Monday 25 September 2017

MDM4U - Activity: introducting non-uniform probability distributions

Students were given time to play "Crossing Toronto Harbour". In my de-cluttering of my filing cabinet this summer, I re-discovered a few past editions of the OAME Gazette and found this activity by Kelly Young in the June 2010 Edition.

The main idea: students are paired up and each given 10 "boats" and a 2 dice. Each student rolls the dice and if they have a boat in the dock with that sum, they get to cross their boat to the other side. If that dock is empty, they do nothing and pass the dice to the other player. The game continues until the first player has crossed all their boats to the other side.

My challenge was to find enough items of different colours for students to use as "boats" that were cheap to find but small enough to fit on the game board. I was at the dollar store this weekend and found these packages of decorative pompoms to use.

Students quickly discovered boats in the #1 dock would never cross and that sums of 6, 7 and 8 occurred most frequently.
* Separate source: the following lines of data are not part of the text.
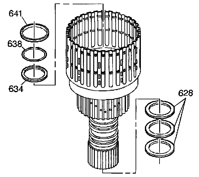 23. Remove the third clutch housing O-ring seal (638).
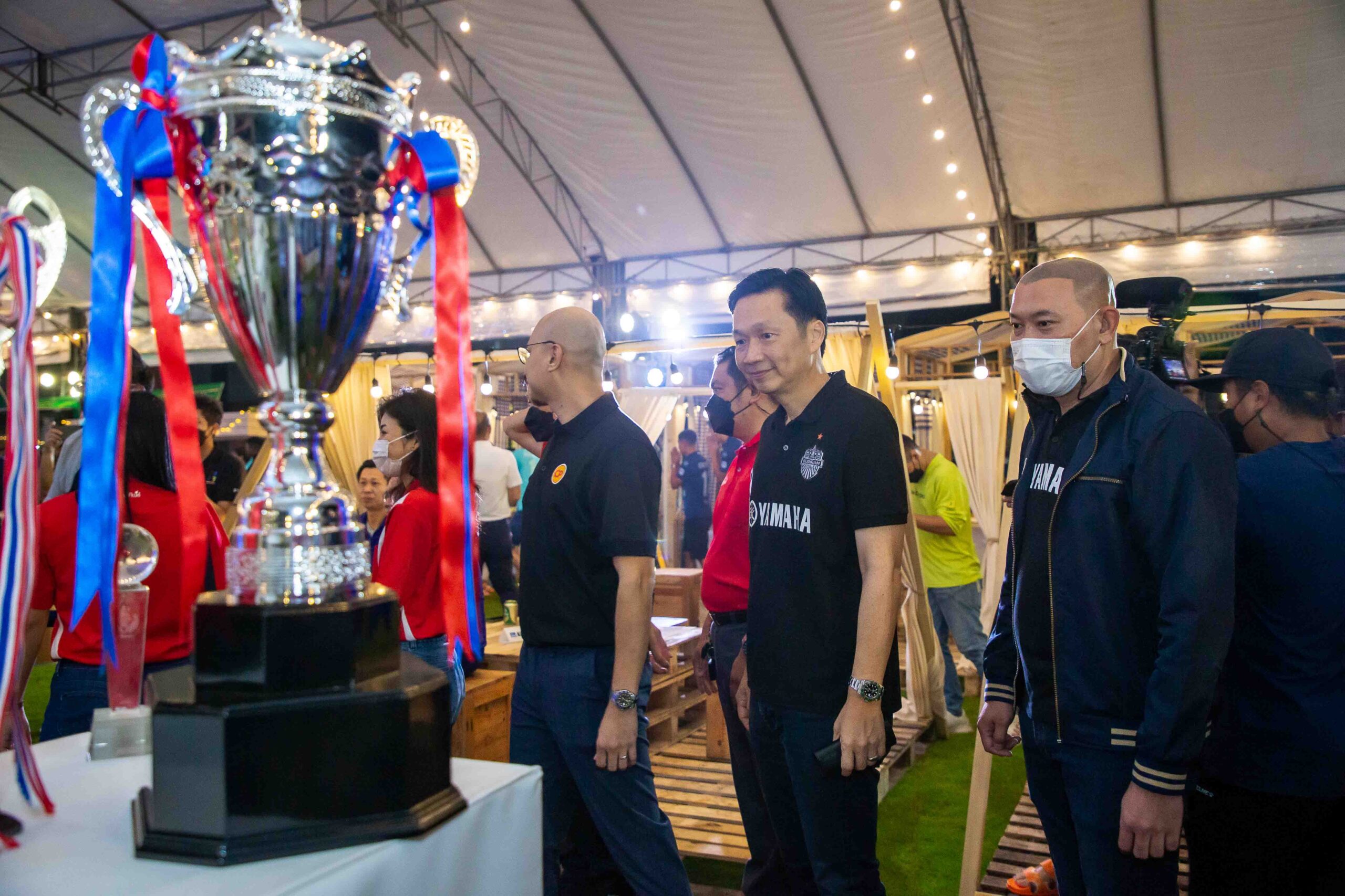 นายพงศธร เอื้อมงคลชัย รองประธานกรรมการบริหาร บริษัท ไทยยามาฮ่ามอเตอร์ จำกัด ถ่ายภาพเป็นที่ระลึกในการรับมอบเสื้อขอบคุณผู้สนับสนุน กับนายเนวิน ชิดชอบ ประธานสโมสรบุรีรัมย์ ยูไนเต็ด และศิวรักษ์ เทศสูงเนิน ผู้รักษาประตูมือ 1 ทีมชาติไทยจากสโมสรบุรีรัมย์ ในการแถลงข่าวเปิดตัวทีมบุรีรัมย์ ในการผนึกกำลังเพื่อการแข่งขันฟุตบอลไทยลีกฤดูกาล 2022/23 และการแข่งขันกีฬาอีสปอร์ตอย่างยิ่งใหญ่ ที่แคมป์สนามฝึกซ้อมสโมสรบุรีรัมย์ ยูไนเต็ด เขากระโดง โดยในปีนี้สโมสรบุรีรัมย์ ยูไนเต็ดตั้งเป้ารักษาแชมป์ทั้ง 3 รายการ ในการแข่งขันฟุตบอลพร้อมดันแข้งนักเตะเยาวชนเก็บประสบการณ์ยังต่างแดน และในส่วนของกีฬาอีสปอร์ตพร้อมเดินหน้าเป็นเจ้าแห่งกีฬาอีสปอร์ตในระดับโลกอย่างเช่นเคย
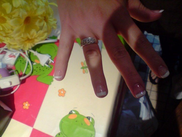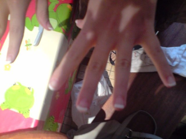Je vois juste sur la premiere photo qu'il a du gel sur les cuticules (le gel french) ou du moins si c'est pas les cuticules, il faut redonner un coup de lime.
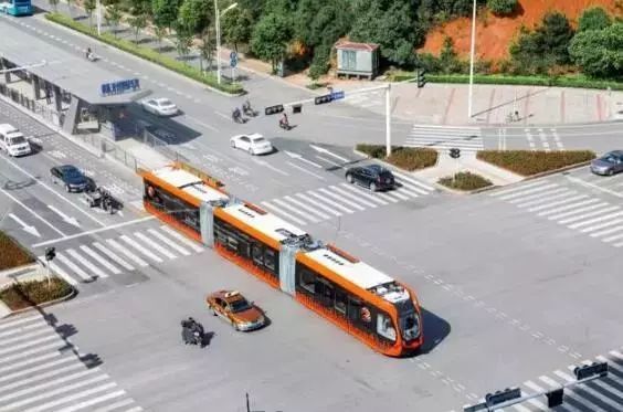 通过自主研发的、全球首创的“虚拟轨道跟随控制”技术,列车能精准地在既定“虚拟轨迹”上运行。载客多,不必专门铺设钢轨,可以像公交车一样灵活地穿行在城市之中。
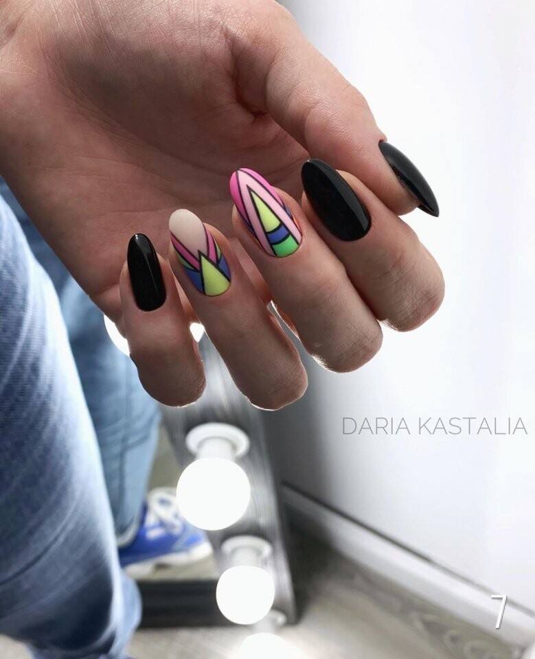 - техника «color block», при которой несколько сегментов различной геометрической формы и размеров заполняются 4-6 гармонично подобранными колерами. Границы вырисовывают нейтральным лаком, чаще всего – черным, а также глиттером или мелкими кристаллами. Такой стиль великолепно сочетается с техникой «разные руки», так как монохромное покрытие на одной ручке смягчает буйство оттенков;
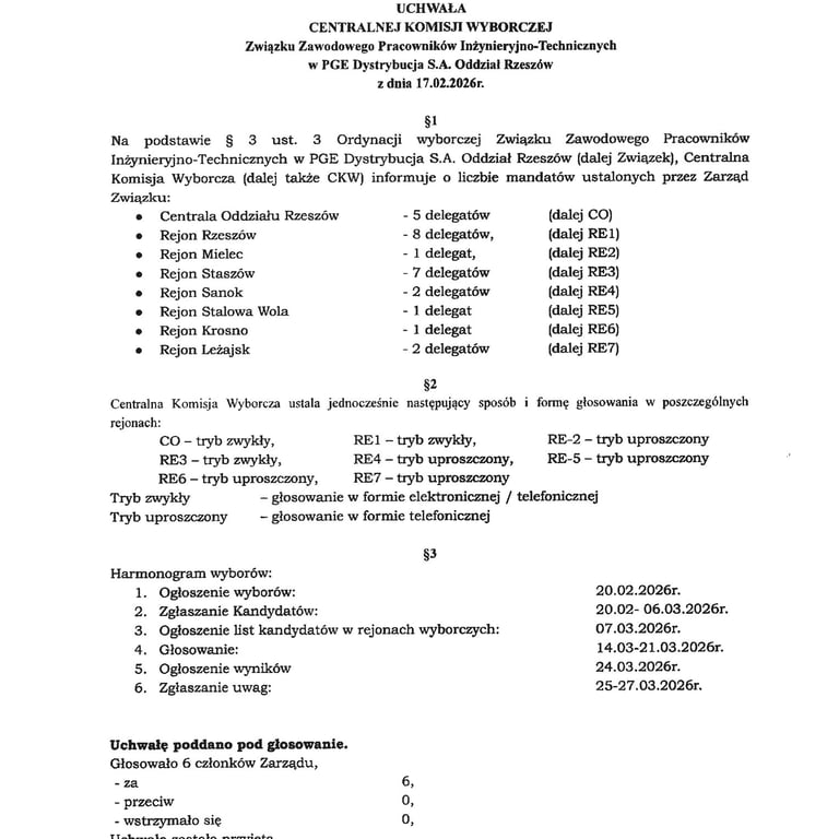 W związku z zbliżającymi się wyborami delegatów w roku 2026 przedstawiamy harmonogram jak i uchwały podjęte w związku z nimi.
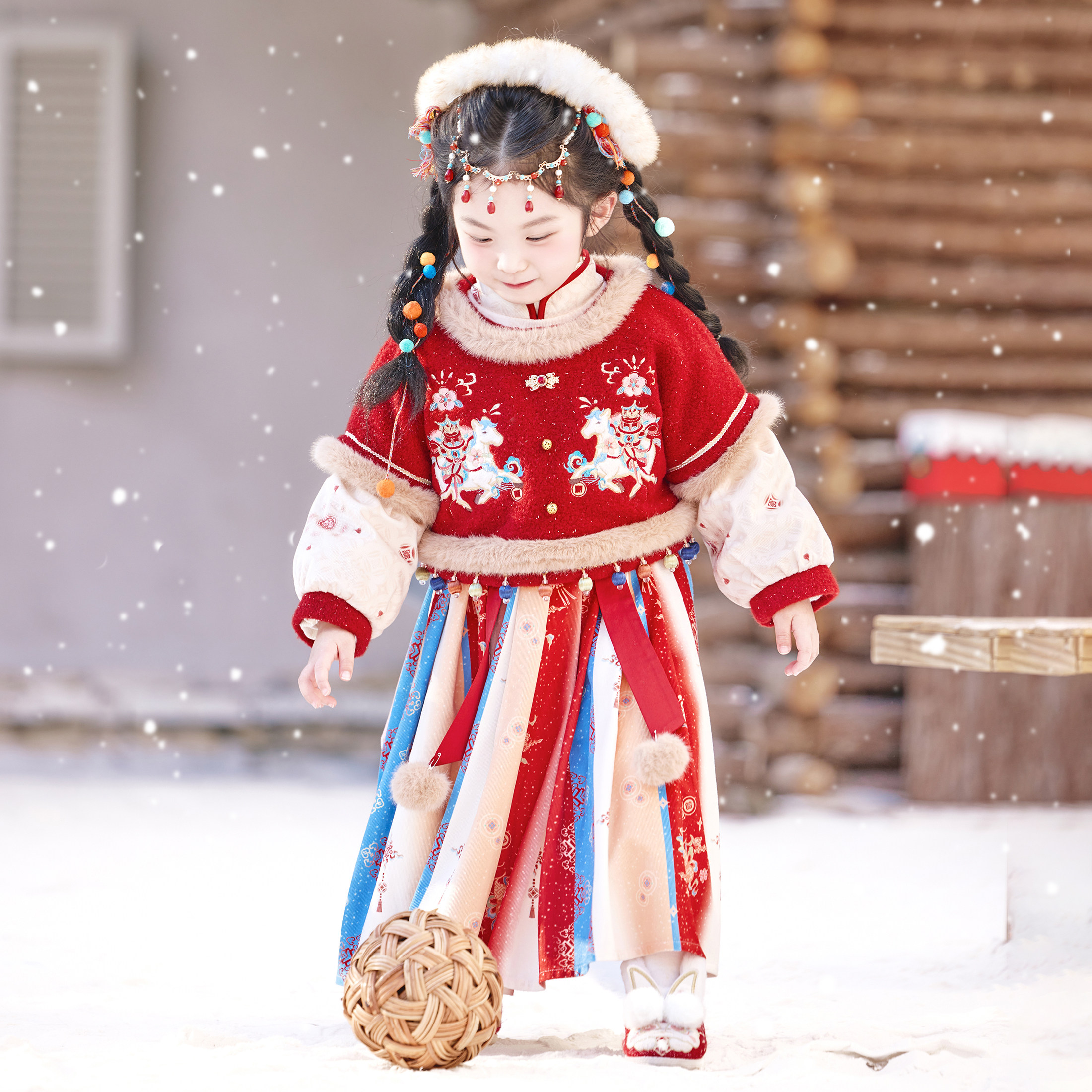 今兮古兮晚璃女童中国风汉服冬装 刺绣新年拜年服 加厚异域民族套装
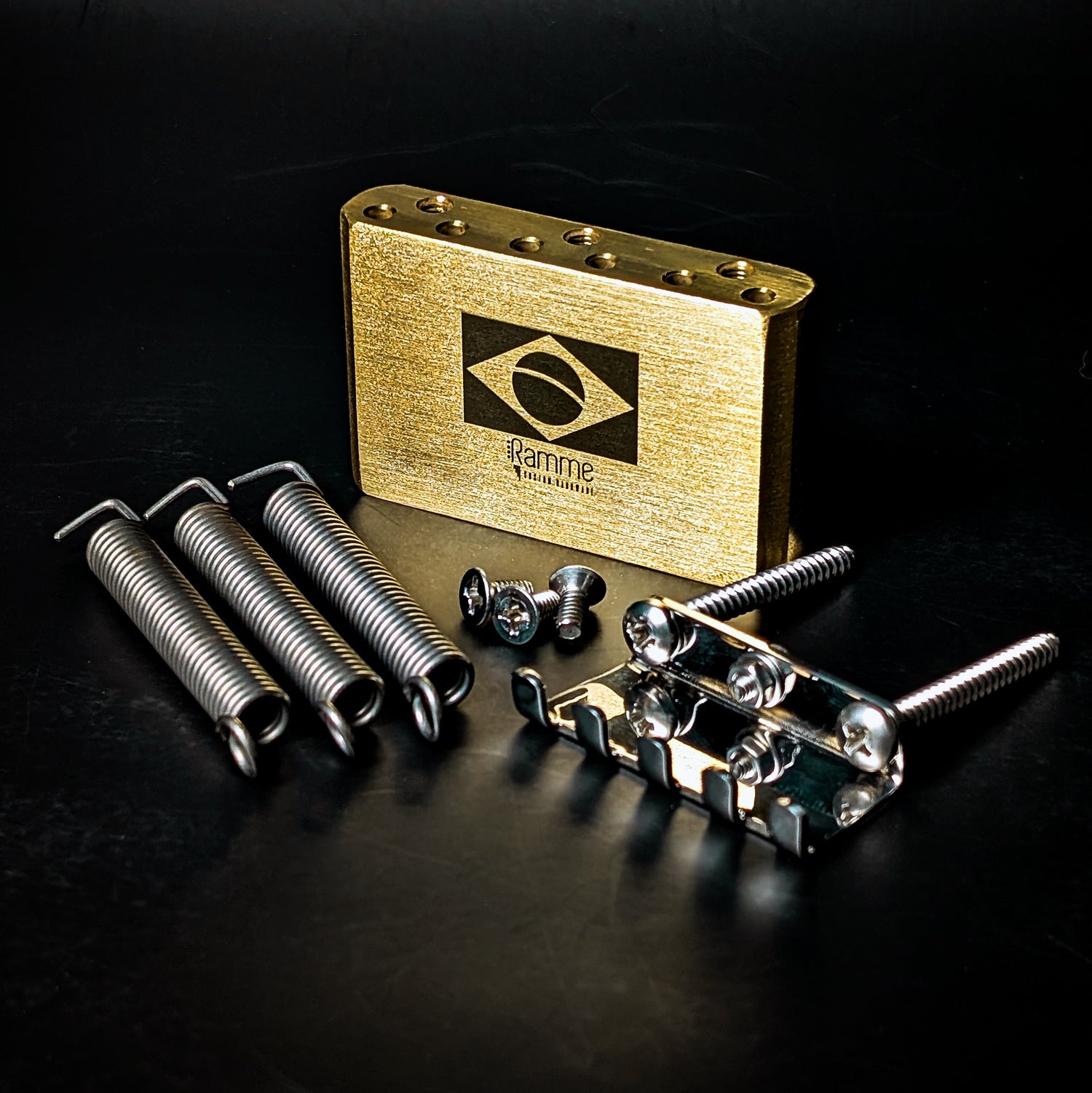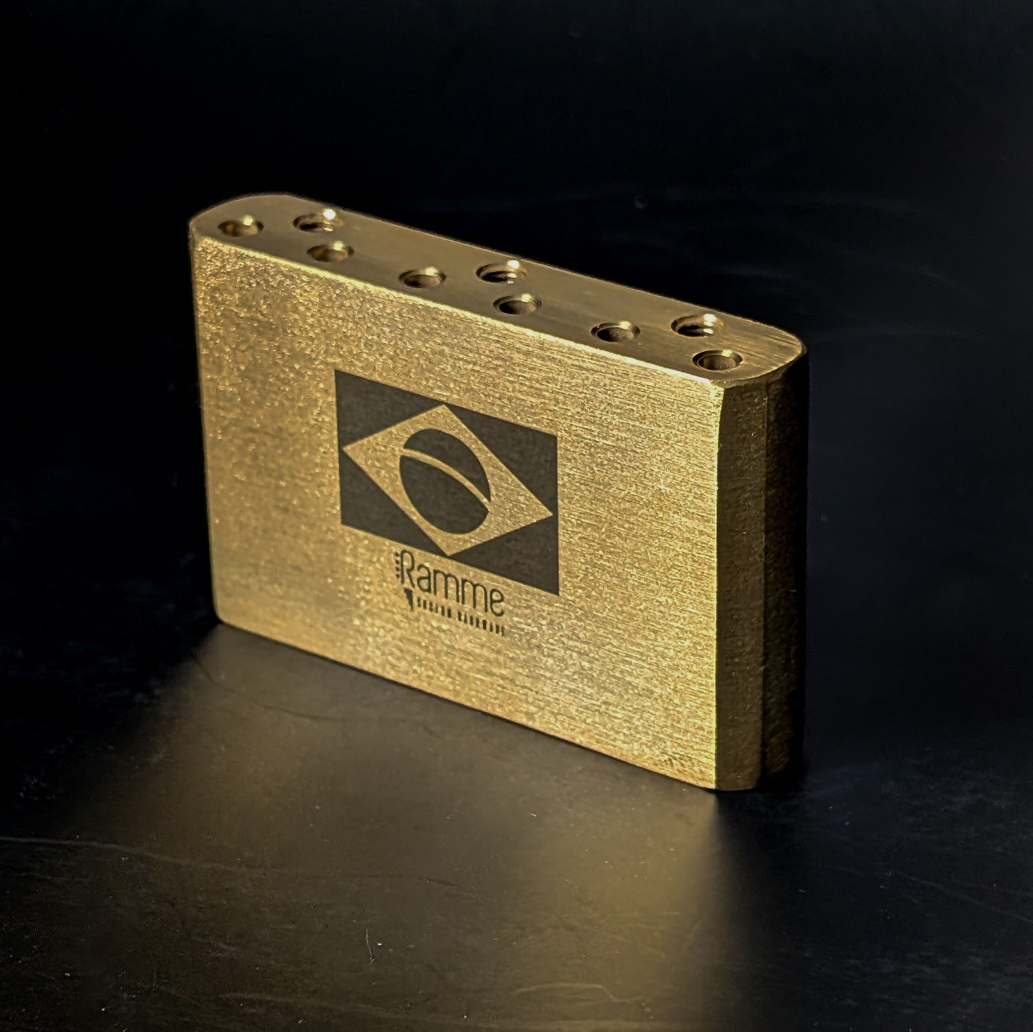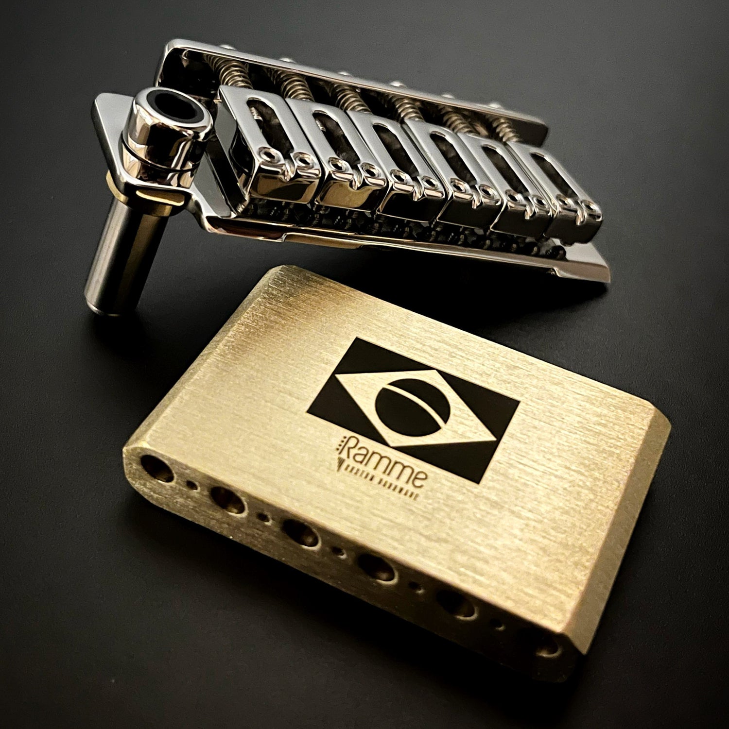 Ramme tremolo bridges feature machined brass blocks, offering superior tonal quality and sustain compared to the injected Zamac or other materials commonly used by other brands.

This lead nicely to a discussion of that the probability of any event lies between 0 and 1 and that not all events have the same probability of occurring. Unlike a standard die that has a uniform probability, looking at the sum of two dice has a probability distribution where a sum of 2 and 12 are least likely to occur while a sum of 7 has the highest probability of occurring. Students were introduced a probability distribution chart where all outcomes are listed along with their probabilities. A histogram or bar graph could be used to graphically display a probability distribution depending on the event used.

I also asked students to keep track of what numbers they rolled so that we could continue to distinguish between theoretical probability and experimental probability. Here is a chart of the outcomes rolled in this class:
We will refer to this data to start next class to chat about why it is not an identical match to the theoretical probability distribution.
Homework was assigned from the question bank focusing on probability distributions as well as determining the probability of different sums when rolling 2 dice.